----- Given records

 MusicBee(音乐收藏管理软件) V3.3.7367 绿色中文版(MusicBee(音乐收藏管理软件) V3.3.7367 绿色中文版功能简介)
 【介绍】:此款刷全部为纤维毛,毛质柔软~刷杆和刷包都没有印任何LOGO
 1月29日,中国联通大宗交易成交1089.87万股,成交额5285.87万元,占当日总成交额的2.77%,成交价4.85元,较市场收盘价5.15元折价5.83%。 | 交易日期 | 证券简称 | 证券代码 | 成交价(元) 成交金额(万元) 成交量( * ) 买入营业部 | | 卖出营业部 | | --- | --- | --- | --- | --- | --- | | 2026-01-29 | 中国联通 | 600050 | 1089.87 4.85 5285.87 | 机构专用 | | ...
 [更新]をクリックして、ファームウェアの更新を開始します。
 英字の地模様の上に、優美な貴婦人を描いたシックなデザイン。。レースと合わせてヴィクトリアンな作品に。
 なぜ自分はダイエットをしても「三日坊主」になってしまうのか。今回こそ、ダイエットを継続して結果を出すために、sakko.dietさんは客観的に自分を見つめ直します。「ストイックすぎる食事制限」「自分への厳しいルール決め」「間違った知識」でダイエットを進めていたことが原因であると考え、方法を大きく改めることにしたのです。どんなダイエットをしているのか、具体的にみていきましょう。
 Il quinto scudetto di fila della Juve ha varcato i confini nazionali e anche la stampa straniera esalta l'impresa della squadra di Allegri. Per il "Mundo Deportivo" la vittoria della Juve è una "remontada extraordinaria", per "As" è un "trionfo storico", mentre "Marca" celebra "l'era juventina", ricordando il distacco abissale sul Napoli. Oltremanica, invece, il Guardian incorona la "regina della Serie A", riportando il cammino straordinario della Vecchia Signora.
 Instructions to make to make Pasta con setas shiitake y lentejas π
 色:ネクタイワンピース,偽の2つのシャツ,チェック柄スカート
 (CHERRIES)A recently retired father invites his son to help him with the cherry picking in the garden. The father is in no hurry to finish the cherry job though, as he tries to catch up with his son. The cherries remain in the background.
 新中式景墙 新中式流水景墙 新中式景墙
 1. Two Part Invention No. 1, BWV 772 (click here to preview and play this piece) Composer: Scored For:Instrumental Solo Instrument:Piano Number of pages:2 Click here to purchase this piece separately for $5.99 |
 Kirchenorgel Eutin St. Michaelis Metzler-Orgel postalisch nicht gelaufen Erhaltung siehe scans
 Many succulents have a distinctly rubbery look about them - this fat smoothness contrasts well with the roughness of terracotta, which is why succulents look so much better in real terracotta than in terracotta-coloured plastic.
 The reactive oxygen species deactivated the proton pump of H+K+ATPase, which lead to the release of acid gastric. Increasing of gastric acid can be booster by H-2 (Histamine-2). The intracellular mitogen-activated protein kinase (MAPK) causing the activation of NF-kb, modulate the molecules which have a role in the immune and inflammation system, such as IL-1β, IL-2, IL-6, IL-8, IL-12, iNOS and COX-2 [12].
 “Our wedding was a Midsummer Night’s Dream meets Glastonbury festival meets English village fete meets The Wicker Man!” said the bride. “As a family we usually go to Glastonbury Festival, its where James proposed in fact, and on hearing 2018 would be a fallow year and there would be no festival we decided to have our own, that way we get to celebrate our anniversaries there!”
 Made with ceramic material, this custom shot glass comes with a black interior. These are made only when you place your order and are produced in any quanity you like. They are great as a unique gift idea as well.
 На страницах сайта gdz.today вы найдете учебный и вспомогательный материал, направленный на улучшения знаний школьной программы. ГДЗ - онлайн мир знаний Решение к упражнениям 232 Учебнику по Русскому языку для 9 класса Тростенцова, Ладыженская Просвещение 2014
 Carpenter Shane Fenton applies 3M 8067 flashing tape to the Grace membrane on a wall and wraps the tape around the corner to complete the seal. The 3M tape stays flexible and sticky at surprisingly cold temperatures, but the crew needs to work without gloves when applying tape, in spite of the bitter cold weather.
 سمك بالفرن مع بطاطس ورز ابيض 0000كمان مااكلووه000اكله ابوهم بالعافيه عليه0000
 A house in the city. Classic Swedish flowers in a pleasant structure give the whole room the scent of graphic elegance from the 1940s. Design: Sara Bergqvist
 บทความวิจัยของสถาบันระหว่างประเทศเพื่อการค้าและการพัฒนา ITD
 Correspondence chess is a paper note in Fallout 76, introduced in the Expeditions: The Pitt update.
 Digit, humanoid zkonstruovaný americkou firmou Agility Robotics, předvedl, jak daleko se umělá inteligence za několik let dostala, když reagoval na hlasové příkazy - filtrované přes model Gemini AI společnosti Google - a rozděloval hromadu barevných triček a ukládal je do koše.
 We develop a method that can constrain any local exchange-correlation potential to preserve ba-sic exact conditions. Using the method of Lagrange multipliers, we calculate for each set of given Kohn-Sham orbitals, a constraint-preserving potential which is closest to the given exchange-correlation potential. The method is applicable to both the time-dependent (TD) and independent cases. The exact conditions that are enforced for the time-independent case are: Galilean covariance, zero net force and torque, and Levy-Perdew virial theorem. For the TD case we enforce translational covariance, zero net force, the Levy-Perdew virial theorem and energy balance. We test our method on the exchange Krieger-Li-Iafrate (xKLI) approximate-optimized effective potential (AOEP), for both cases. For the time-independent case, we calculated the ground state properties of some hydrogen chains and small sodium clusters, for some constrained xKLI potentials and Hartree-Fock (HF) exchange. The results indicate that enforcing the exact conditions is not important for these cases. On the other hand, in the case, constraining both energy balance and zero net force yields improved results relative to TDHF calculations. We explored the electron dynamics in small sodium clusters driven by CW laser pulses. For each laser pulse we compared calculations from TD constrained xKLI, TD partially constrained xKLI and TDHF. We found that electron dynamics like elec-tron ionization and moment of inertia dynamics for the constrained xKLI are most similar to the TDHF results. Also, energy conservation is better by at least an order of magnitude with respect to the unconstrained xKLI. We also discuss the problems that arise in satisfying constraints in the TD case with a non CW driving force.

----------

#### Work task:
Look back at the records above. Repeat all of them exactly.

#### Output of the exercise:
 MusicBee(音乐收藏管理软件) V3.3.7367 绿色中文版(MusicBee(音乐收藏管理软件) V3.3.7367 绿色中文版功能简介)
 【介绍】:此款刷全部为纤维毛,毛质柔软~刷杆和刷包都没有印任何LOGO
 1月29日,中国联通大宗交易成交1089.87万股,成交额5285.87万元,占当日总成交额的2.77%,成交价4.85元,较市场收盘价5.15元折价5.83%。 | 交易日期 | 证券简称 | 证券代码 | 成交价(元) 成交金额(万元) 成交量( * ) 买入营业部 | | 卖出营业部 | | --- | --- | --- | --- | --- | --- | | 2026-01-29 | 中国联通 | 600050 | 1089.87 4.85 5285.87 | 机构专用 | | ...
 [更新]をクリックして、ファームウェアの更新を開始します。
 英字の地模様の上に、優美な貴婦人を描いたシックなデザイン。。レースと合わせてヴィクトリアンな作品に。
 なぜ自分はダイエットをしても「三日坊主」になってしまうのか。今回こそ、ダイエットを継続して結果を出すために、sakko.dietさんは客観的に自分を見つめ直します。「ストイックすぎる食事制限」「自分への厳しいルール決め」「間違った知識」でダイエットを進めていたことが原因であると考え、方法を大きく改めることにしたのです。どんなダイエットをしているのか、具体的にみていきましょう。
 Il quinto scudetto di fila della Juve ha varcato i confini nazionali e anche la stampa straniera esalta l'impresa della squadra di Allegri. Per il "Mundo Deportivo" la vittoria della Juve è una "remontada extraordinaria", per "As" è un "trionfo storico", mentre "Marca" celebra "l'era juventina", ricordando il distacco abissale sul Napoli. Oltremanica, invece, il Guardian incorona la "regina della Serie A", riportando il cammino straordinario della Vecchia Signora.
 Instructions to make to make Pasta con setas shiitake y lentejas π
 色:ネクタイワンピース,偽の2つのシャツ,チェック柄スカート
 (CHERRIES)A recently retired father invites his son to help him with the cherry picking in the garden. The father is in no hurry to finish the cherry job though, as he tries to catch up with his son. The cherries remain in the background.
 新中式景墙 新中式流水景墙 新中式景墙
 1. Two Part Invention No. 1, BWV 772 (click here to preview and play this piece) Composer: Scored For:Instrumental Solo Instrument:Piano Number of pages:2 Click here to purchase this piece separately for $5.99 |
 Kirchenorgel Eutin St. Michaelis Metzler-Orgel postalisch nicht gelaufen Erhaltung siehe scans
 Many succulents have a distinctly rubbery look about them - this fat smoothness contrasts well with the roughness of terracotta, which is why succulents look so much better in real terracotta than in terracotta-coloured plastic.
 The reactive oxygen species deactivated the proton pump of H+K+ATPase, which lead to the release of acid gastric. Increasing of gastric acid can be booster by H-2 (Histamine-2). The intracellular mitogen-activated protein kinase (MAPK) causing the activation of NF-kb, modulate the molecules which have a role in the immune and inflammation system, such as IL-1β, IL-2, IL-6, IL-8, IL-12, iNOS and COX-2 [12].
 “Our wedding was a Midsummer Night’s Dream meets Glastonbury festival meets English village fete meets The Wicker Man!” said the bride. “As a family we usually go to Glastonbury Festival, its where James proposed in fact, and on hearing 2018 would be a fallow year and there would be no festival we decided to have our own, that way we get to celebrate our anniversaries there!”
 Made with ceramic material, this custom shot glass comes with a black interior. These are made only when you place your order and are produced in any quanity you like. They are great as a unique gift idea as well.
 На страницах сайта gdz.today вы найдете учебный и вспомогательный материал, направленный на улучшения знаний школьной программы. ГДЗ - онлайн мир знаний Решение к упражнениям 232 Учебнику по Русскому языку для 9 класса Тростенцова, Ладыженская Просвещение 2014
 Carpenter Shane Fenton applies 3M 8067 flashing tape to the Grace membrane on a wall and wraps the tape around the corner to complete the seal. The 3M tape stays flexible and sticky at surprisingly cold temperatures, but the crew needs to work without gloves when applying tape, in spite of the bitter cold weather.
 سمك بالفرن مع بطاطس ورز ابيض 0000كمان مااكلووه000اكله ابوهم بالعافيه عليه0000
 A house in the city. Classic Swedish flowers in a pleasant structure give the whole room the scent of graphic elegance from the 1940s. Design: Sara Bergqvist
 บทความวิจัยของสถาบันระหว่างประเทศเพื่อการค้าและการพัฒนา ITD
 Correspondence chess is a paper note in Fallout 76, introduced in the Expeditions: The Pitt update.
 Digit, humanoid zkonstruovaný americkou firmou Agility Robotics, předvedl, jak daleko se umělá inteligence za několik let dostala, když reagoval na hlasové příkazy - filtrované přes model Gemini AI společnosti Google - a rozděloval hromadu barevných triček a ukládal je do koše.
 We develop a method that can constrain any local exchange-correlation potential to preserve ba-sic exact conditions. Using the method of Lagrange multipliers, we calculate for each set of given Kohn-Sham orbitals, a constraint-preserving potential which is closest to the given exchange-correlation potential. The method is applicable to both the time-dependent (TD) and independent cases. The exact conditions that are enforced for the time-independent case are: Galilean covariance, zero net force and torque, and Levy-Perdew virial theorem. For the TD case we enforce translational covariance, zero net force, the Levy-Perdew virial theorem and energy balance. We test our method on the exchange Krieger-Li-Iafrate (xKLI) approximate-optimized effective potential (AOEP), for both cases. For the time-independent case, we calculated the ground state properties of some hydrogen chains and small sodium clusters, for some constrained xKLI potentials and Hartree-Fock (HF) exchange. The results indicate that enforcing the exact conditions is not important for these cases. On the other hand, in the case, constraining both energy balance and zero net force yields improved results relative to TDHF calculations. We explored the electron dynamics in small sodium clusters driven by CW laser pulses. For each laser pulse we compared calculations from TD constrained xKLI, TD partially constrained xKLI and TDHF. We found that electron dynamics like elec-tron ionization and moment of inertia dynamics for the constrained xKLI are most similar to the TDHF results. Also, energy conservation is better by at least an order of magnitude with respect to the unconstrained xKLI. We also discuss the problems that arise in satisfying constraints in the TD case with a non CW driving force.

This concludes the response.